> _Material to process_:
═══
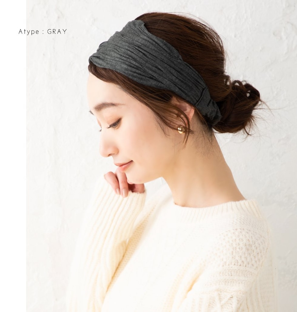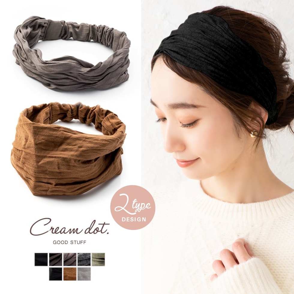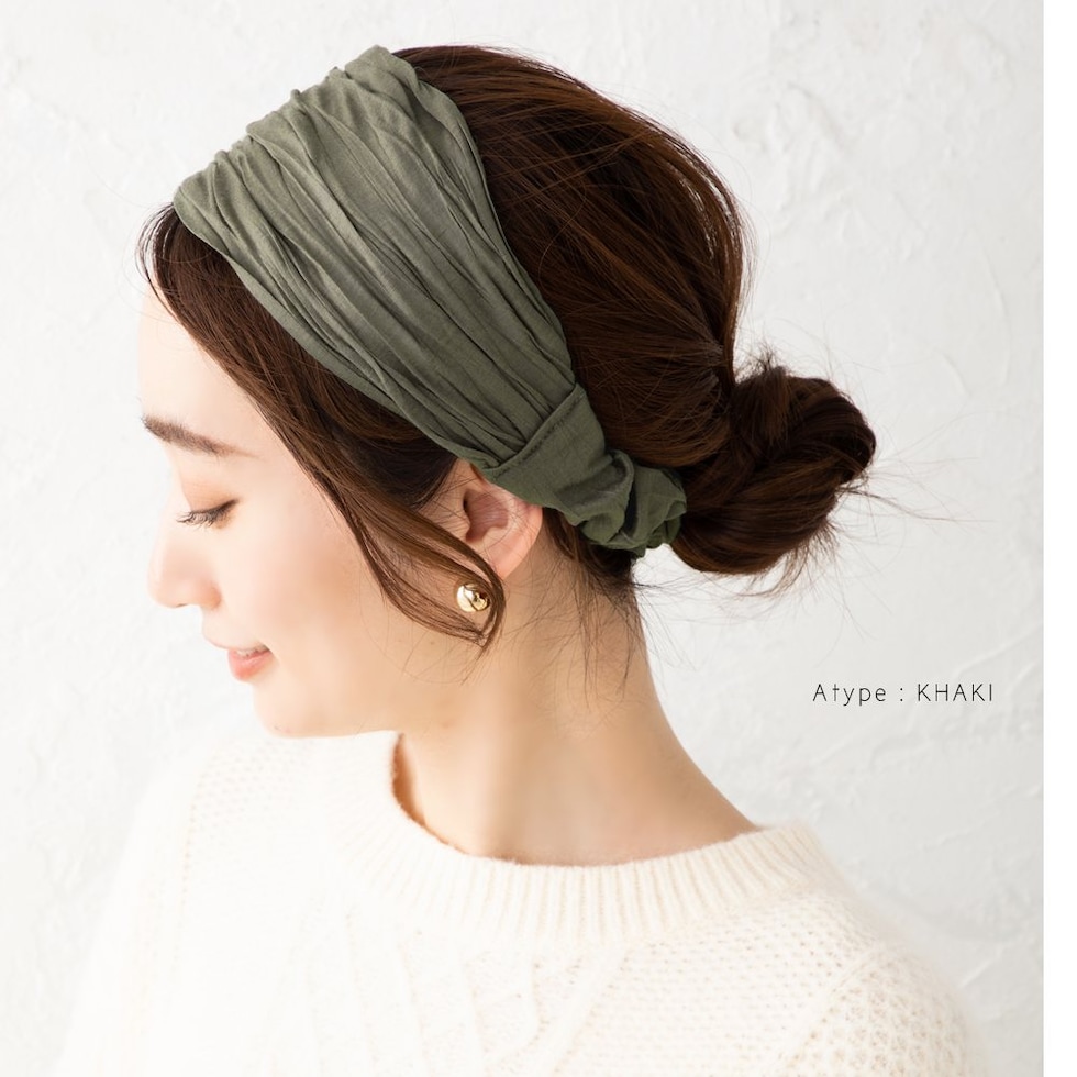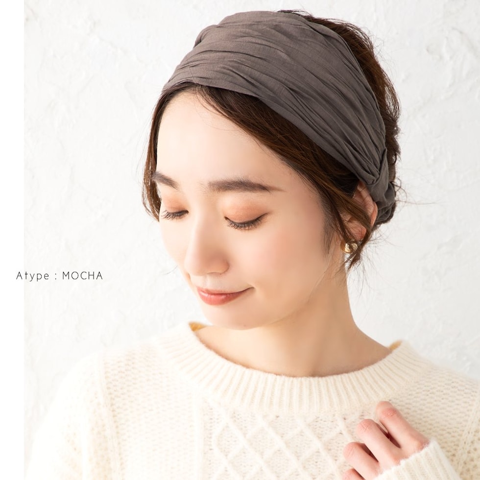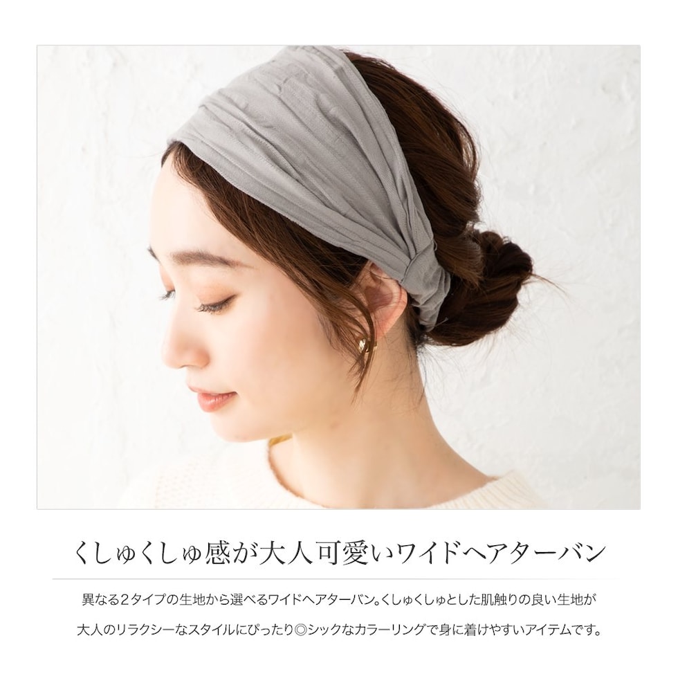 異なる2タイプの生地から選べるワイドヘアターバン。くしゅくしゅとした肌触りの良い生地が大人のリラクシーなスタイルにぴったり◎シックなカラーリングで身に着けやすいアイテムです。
═══
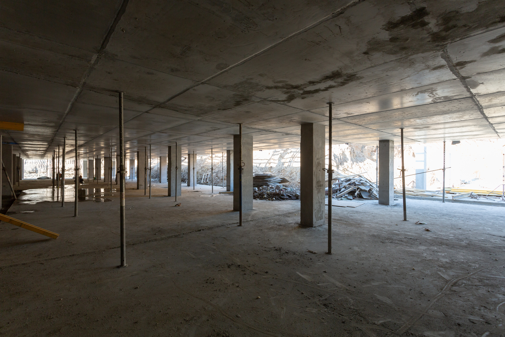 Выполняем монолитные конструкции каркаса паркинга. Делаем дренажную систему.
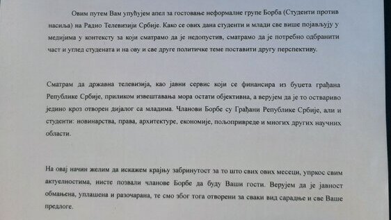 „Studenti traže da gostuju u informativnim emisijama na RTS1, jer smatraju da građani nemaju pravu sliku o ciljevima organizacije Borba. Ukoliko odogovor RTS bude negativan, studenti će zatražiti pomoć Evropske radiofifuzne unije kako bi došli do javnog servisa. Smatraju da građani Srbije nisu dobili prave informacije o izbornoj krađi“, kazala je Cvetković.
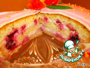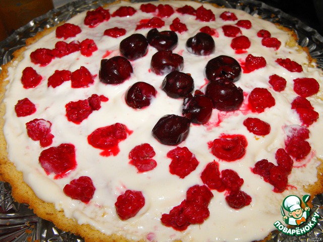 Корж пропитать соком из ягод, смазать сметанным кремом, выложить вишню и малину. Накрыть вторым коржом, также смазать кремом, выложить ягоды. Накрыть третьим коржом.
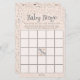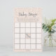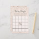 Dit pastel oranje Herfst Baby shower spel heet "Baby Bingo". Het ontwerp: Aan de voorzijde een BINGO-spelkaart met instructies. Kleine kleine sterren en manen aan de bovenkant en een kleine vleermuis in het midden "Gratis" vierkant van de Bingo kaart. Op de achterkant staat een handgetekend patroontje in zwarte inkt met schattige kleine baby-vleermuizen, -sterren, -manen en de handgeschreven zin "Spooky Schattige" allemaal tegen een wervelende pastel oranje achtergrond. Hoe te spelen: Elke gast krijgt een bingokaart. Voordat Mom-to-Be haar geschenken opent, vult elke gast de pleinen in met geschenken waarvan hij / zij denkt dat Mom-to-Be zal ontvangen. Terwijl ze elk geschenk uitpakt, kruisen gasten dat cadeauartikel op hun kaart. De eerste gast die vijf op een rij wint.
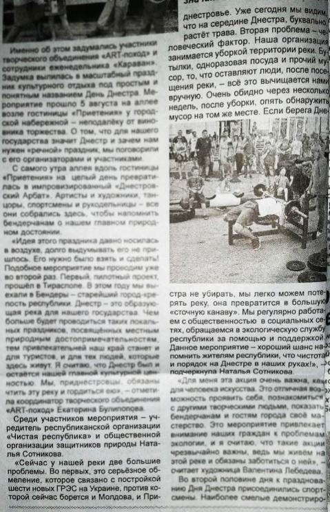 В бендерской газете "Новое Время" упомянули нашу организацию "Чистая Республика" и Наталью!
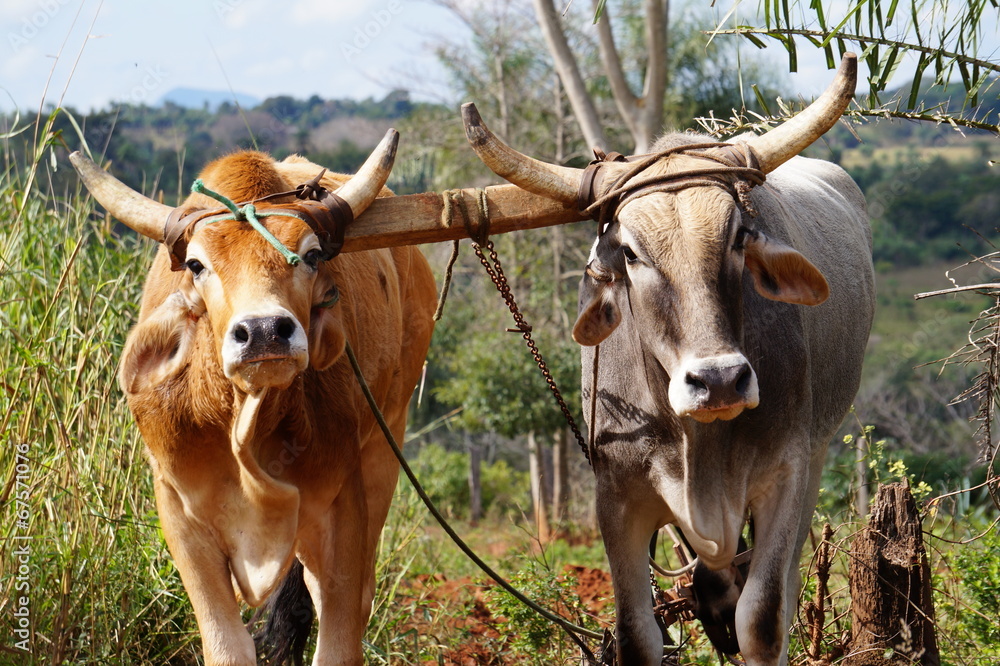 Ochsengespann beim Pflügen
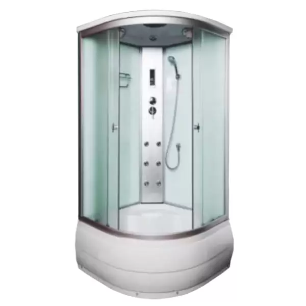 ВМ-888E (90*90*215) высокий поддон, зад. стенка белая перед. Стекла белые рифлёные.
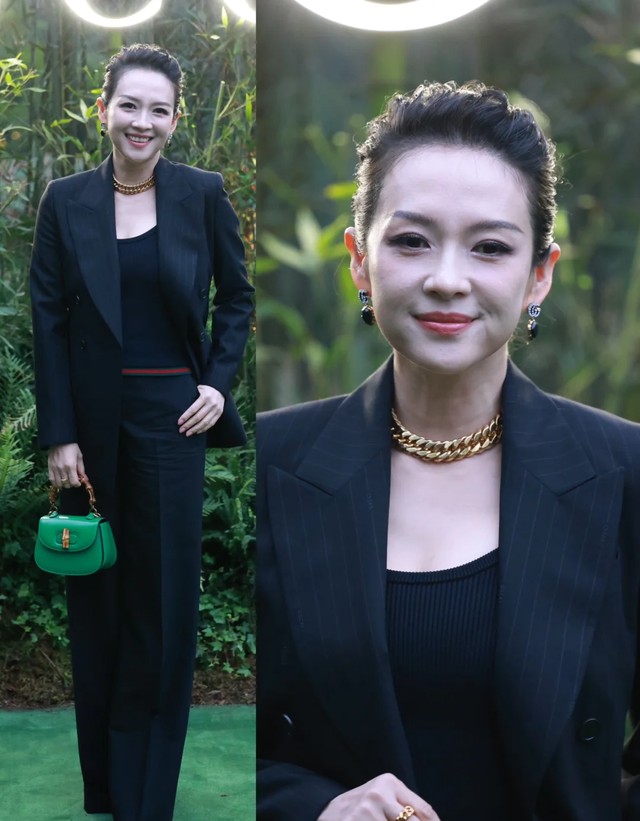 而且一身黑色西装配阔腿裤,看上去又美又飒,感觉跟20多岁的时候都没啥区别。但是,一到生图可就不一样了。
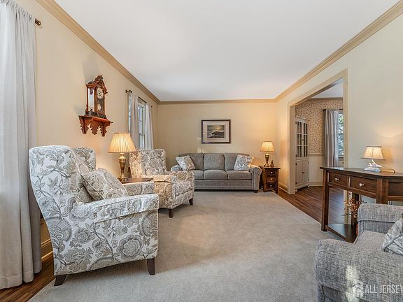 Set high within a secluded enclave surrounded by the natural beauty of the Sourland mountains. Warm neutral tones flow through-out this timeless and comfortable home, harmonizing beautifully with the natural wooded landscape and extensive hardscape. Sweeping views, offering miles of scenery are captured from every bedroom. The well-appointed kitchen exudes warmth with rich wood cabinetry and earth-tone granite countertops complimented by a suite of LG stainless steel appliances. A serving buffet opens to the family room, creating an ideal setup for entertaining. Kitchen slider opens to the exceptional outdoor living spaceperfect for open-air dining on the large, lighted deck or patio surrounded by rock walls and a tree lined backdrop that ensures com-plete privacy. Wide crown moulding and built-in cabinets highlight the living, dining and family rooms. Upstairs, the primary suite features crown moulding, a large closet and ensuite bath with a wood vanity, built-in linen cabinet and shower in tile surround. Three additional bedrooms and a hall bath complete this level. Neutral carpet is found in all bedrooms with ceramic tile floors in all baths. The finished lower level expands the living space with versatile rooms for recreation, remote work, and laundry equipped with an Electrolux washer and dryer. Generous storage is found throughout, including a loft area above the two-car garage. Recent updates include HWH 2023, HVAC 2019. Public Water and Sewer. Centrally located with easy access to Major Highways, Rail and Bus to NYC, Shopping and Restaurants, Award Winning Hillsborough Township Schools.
═══
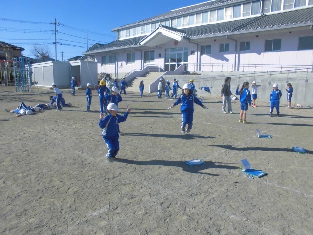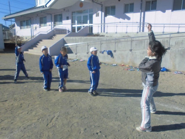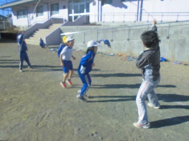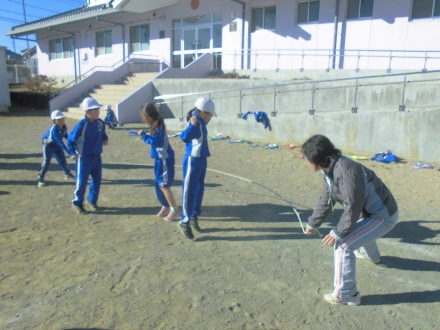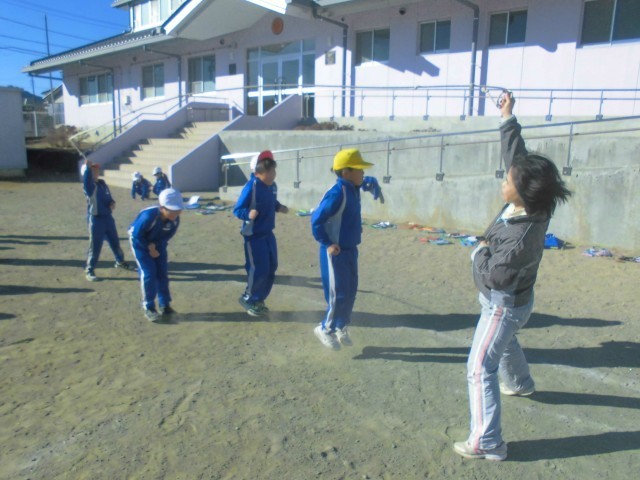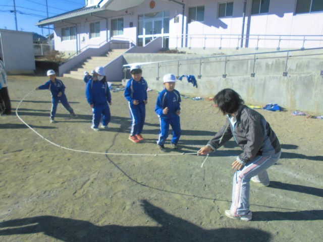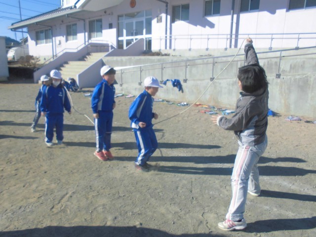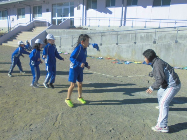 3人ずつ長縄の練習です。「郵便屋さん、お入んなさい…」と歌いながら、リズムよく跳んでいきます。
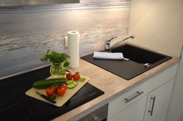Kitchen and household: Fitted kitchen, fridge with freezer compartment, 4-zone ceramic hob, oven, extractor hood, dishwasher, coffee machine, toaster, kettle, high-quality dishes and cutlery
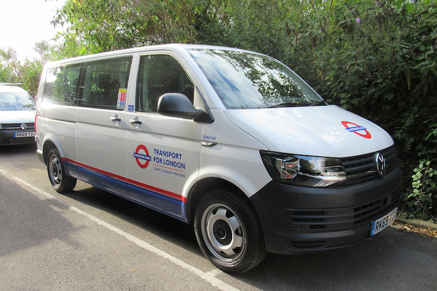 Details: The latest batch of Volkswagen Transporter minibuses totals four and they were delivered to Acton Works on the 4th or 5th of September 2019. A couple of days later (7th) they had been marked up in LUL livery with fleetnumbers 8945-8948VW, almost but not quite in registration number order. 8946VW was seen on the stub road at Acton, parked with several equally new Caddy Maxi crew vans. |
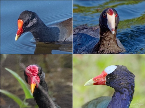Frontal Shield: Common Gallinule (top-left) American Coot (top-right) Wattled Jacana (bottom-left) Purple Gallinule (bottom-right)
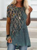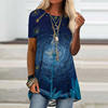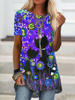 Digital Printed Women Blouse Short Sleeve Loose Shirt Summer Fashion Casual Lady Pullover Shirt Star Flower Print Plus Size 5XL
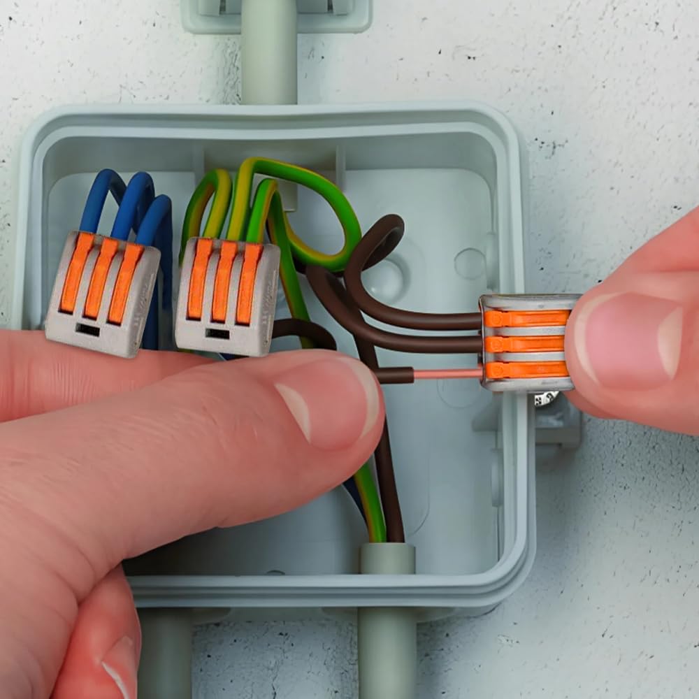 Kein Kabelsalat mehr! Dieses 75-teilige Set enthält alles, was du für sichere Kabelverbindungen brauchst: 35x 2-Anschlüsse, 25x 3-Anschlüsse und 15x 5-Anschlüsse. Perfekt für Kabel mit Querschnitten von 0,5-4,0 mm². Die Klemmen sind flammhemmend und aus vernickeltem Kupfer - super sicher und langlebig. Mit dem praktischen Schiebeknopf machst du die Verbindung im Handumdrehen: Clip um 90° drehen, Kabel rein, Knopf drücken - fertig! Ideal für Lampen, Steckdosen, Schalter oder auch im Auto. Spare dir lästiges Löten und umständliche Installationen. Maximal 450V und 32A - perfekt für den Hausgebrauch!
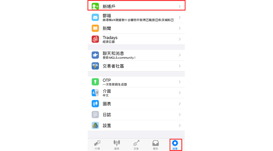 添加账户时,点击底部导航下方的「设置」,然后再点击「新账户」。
═══
> _Assignment_:
After locating the line containing "而且一身黑色西装配阔腿裤,看" in the entries above, return it and every line after it exactly, ending at the line containing "Set high within", without pictures.

> _Written reply_:
 而且一身黑色西装配阔腿裤,看上去又美又飒,感觉跟20多岁的时候都没啥区别。但是,一到生图可就不一样了。
 Set high within a secluded enclave surrounded by the natural beauty of the Sourland mountains. Warm neutral tones flow through-out this timeless and comfortable home, harmonizing beautifully with the natural wooded landscape and extensive hardscape. Sweeping views, offering miles of scenery are captured from every bedroom. The well-appointed kitchen exudes warmth with rich wood cabinetry and earth-tone granite countertops complimented by a suite of LG stainless steel appliances. A serving buffet opens to the family room, creating an ideal setup for entertaining. Kitchen slider opens to the exceptional outdoor living spaceperfect for open-air dining on the large, lighted deck or patio surrounded by rock walls and a tree lined backdrop that ensures com-plete privacy. Wide crown moulding and built-in cabinets highlight the living, dining and family rooms. Upstairs, the primary suite features crown moulding, a large closet and ensuite bath with a wood vanity, built-in linen cabinet and shower in tile surround. Three additional bedrooms and a hall bath complete this level. Neutral carpet is found in all bedrooms with ceramic tile floors in all baths. The finished lower level expands the living space with versatile rooms for recreation, remote work, and laundry equipped with an Electrolux washer and dryer. Generous storage is found throughout, including a loft area above the two-car garage. Recent updates include HWH 2023, HVAC 2019. Public Water and Sewer. Centrally located with easy access to Major Highways, Rail and Bus to NYC, Shopping and Restaurants, Award Winning Hillsborough Township Schools.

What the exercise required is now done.